## EXERCISE REQUIREMENTS:
Retype only the lines below from the one with "代表团在伍伦贡大学的访问期间" to the one with "The Balanced Scorecard", inclusive, skipping every image.

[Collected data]
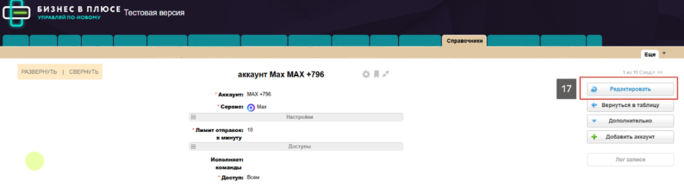 17. После сохранения записи нажимаем кнопку «Редактировать»
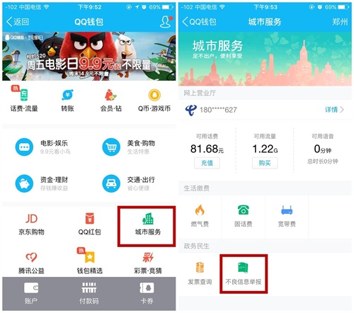 点左上角头像→QQ钱包→城市服务→不良信息举报。
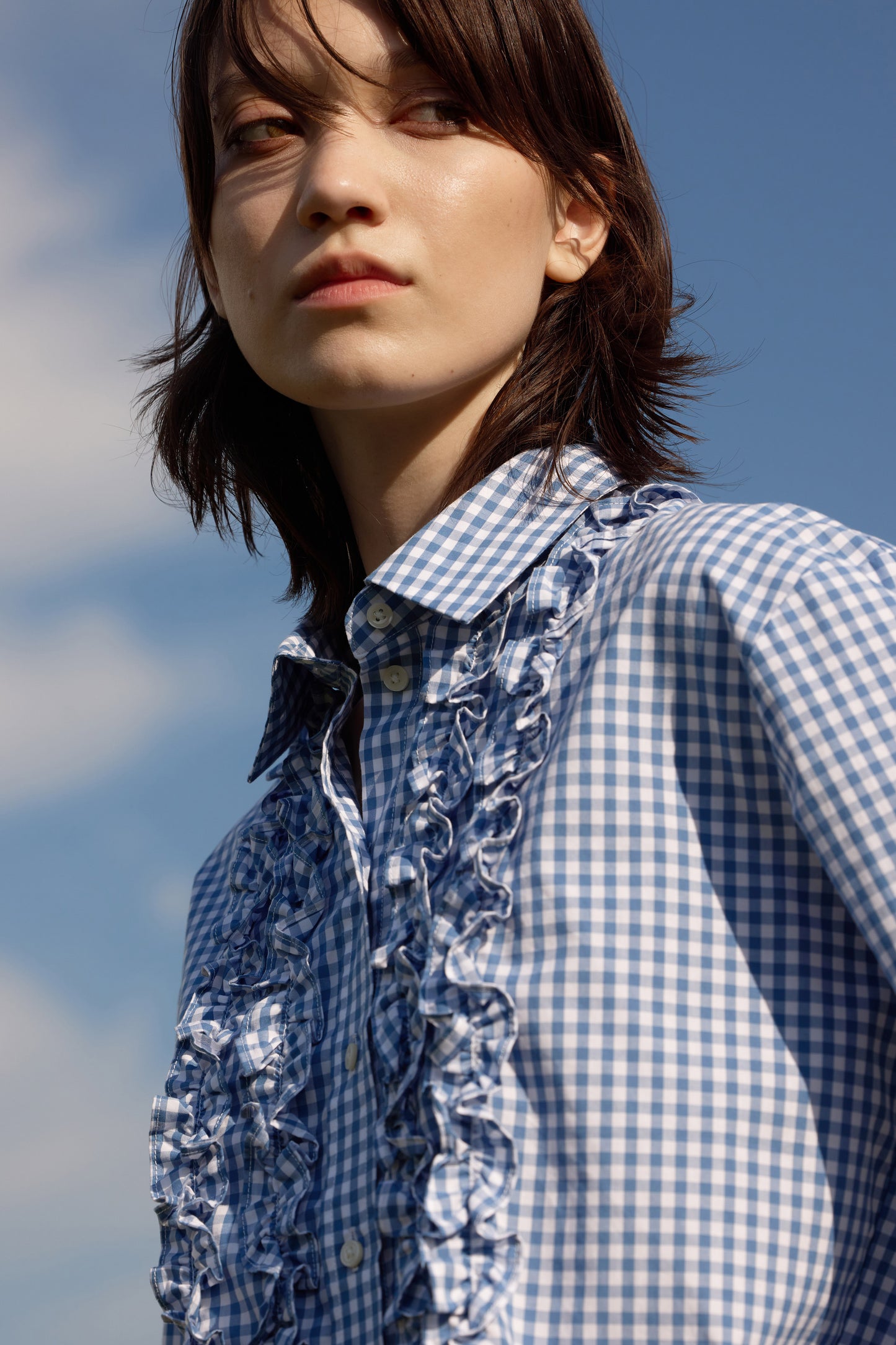 Collared oversize shirt in cotton. Ruffled bib at front. Cuffed long sleeves. Rounded hem. Button-up front.
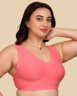 A bonded seamless bra is made without regular stitching. Instead, the fabric edges are joined using heat, making the bra smooth, irritation-free, and invisible under clothes. It’s lightweight, breathable, and offers gentle support—perfect for daily wear.
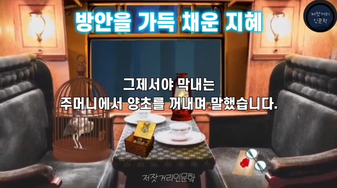 그제서야 막내는 주머니에서 양초를 꺼내며 말했습니다.
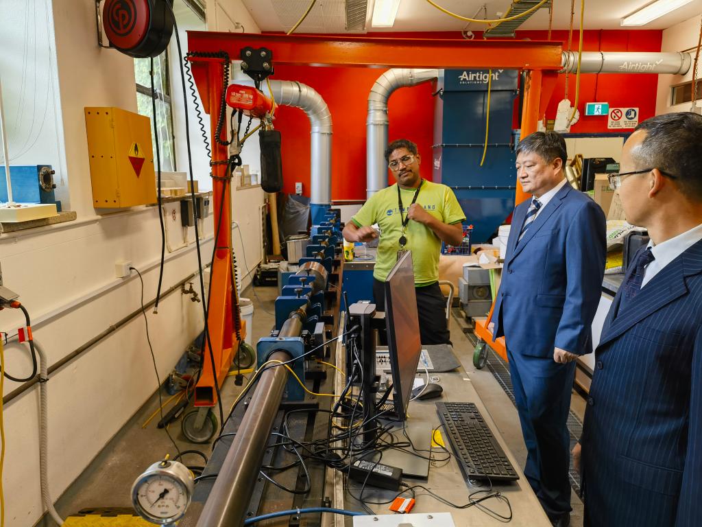 代表团在伍伦贡大学的访问期间,与澳大利亚研究委员会(ARC)可持续采矿设备未来创新复合材料培训中心主任姜正义教授、副主任任廷祥教授,伍伦贡大学国际合作与战略伙伴关系部经理莉莉·安,伍伦贡大学采矿学院院长费萨尔·海教授以及咨询委员会委员等进行了深入交流,双方在2023年已达成的关于青年教师访学、国际合作项目申报、共建国际合作联合实验室及研究生培养等合作意向基础上,细化了具体的合作路径与实施办法。会后参观了该校创新制造、智能制造、摩擦学等实验室。
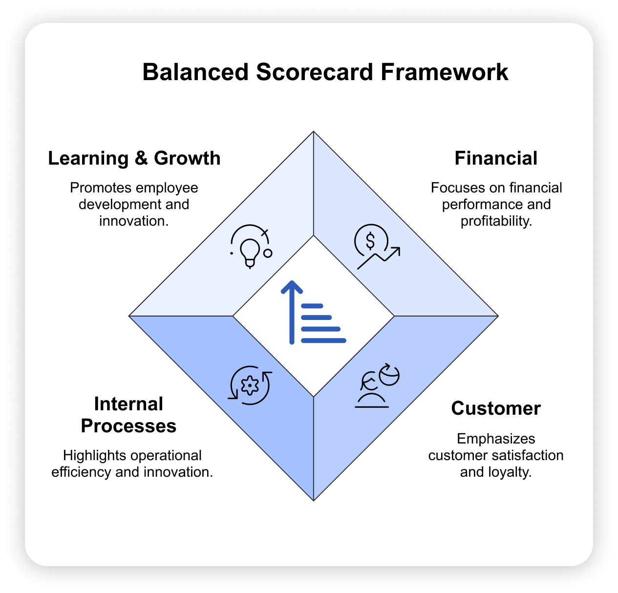 The Balanced Scorecard (BSC) is a proven strategic management framework developed by Dr. Robert Kaplan and Dr. David Norton. It helps organizations translate high-level strategy into measurable objectives across four key perspectives:
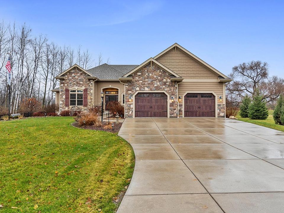 Custom 3 bed 3 bath split ranch in the country, minutes from downtown Cedarburg. As you approach enjoy beautiful curb appeal of the fieldstone facade & landscaping All on a 3 acre wooded lot.Upon entering you'll be greeted by open concept kitchen, living & dining rooms that include a gas fireplace, soft close cabinets, granite counters. The split design has a large primary bedroom suite that features a jetted tub, tiled shower stall, dual vanity, walk-in closet & recessed ceiling. A separate office and mudroom are located off the garage entrance. Two bedrooms & full bathroom on the other side complete the main level. The partially finished lower level has rec & exercise rooms, office space & full bath. The pups will enjoy a fenced rear yard w/concrete patio & 16'x24' shed.
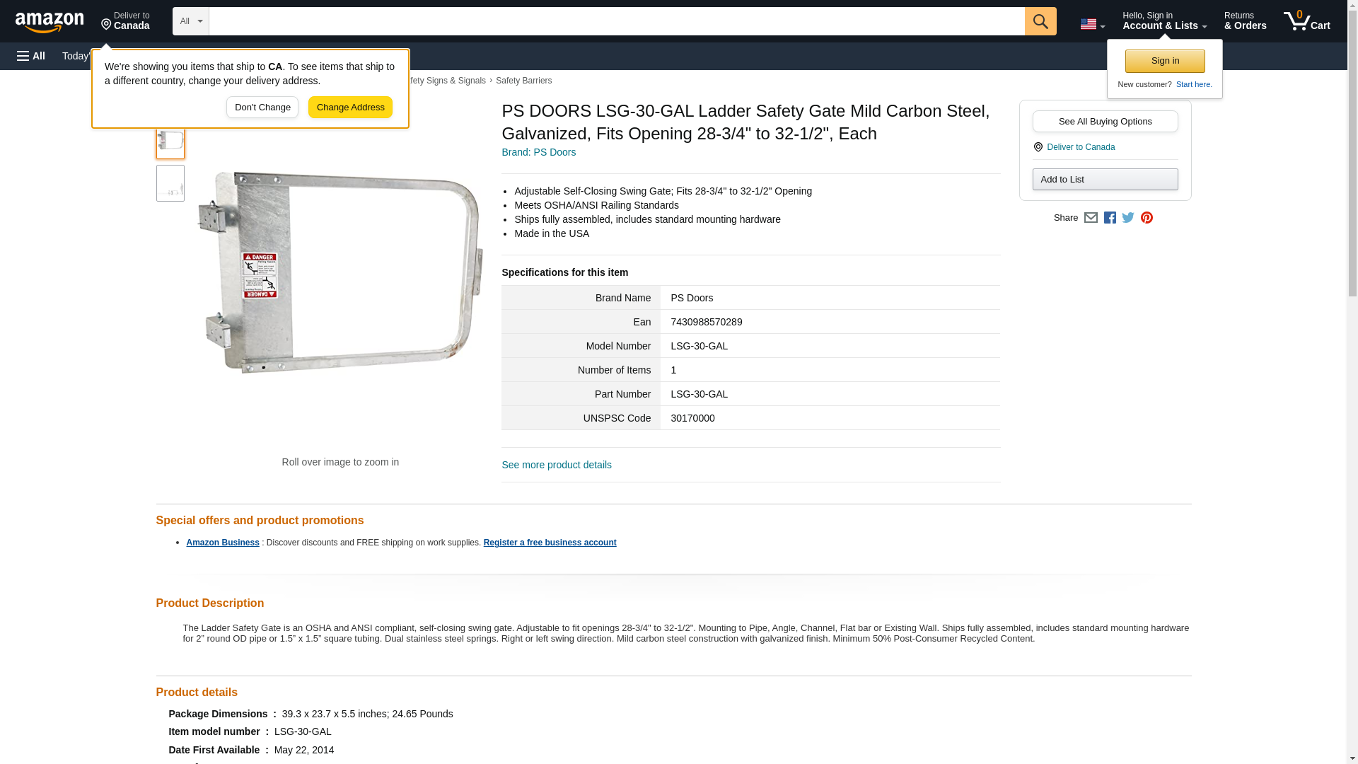 PS DOORS LSG-30-GAL Ladder Safety Gate Mild Carbon Steel, Galvanized, Fits Opening 28-3/4" to 32-1/2", Each

## ANSWER FOR THE TASK:
 代表团在伍伦贡大学的访问期间,与澳大利亚研究委员会(ARC)可持续采矿设备未来创新复合材料培训中心主任姜正义教授、副主任任廷祥教授,伍伦贡大学国际合作与战略伙伴关系部经理莉莉·安,伍伦贡大学采矿学院院长费萨尔·海教授以及咨询委员会委员等进行了深入交流,双方在2023年已达成的关于青年教师访学、国际合作项目申报、共建国际合作联合实验室及研究生培养等合作意向基础上,细化了具体的合作路径与实施办法。会后参观了该校创新制造、智能制造、摩擦学等实验室。
 The Balanced Scorecard (BSC) is a proven strategic management framework developed by Dr. Robert Kaplan and Dr. David Norton. It helps organizations translate high-level strategy into measurable objectives across four key perspectives:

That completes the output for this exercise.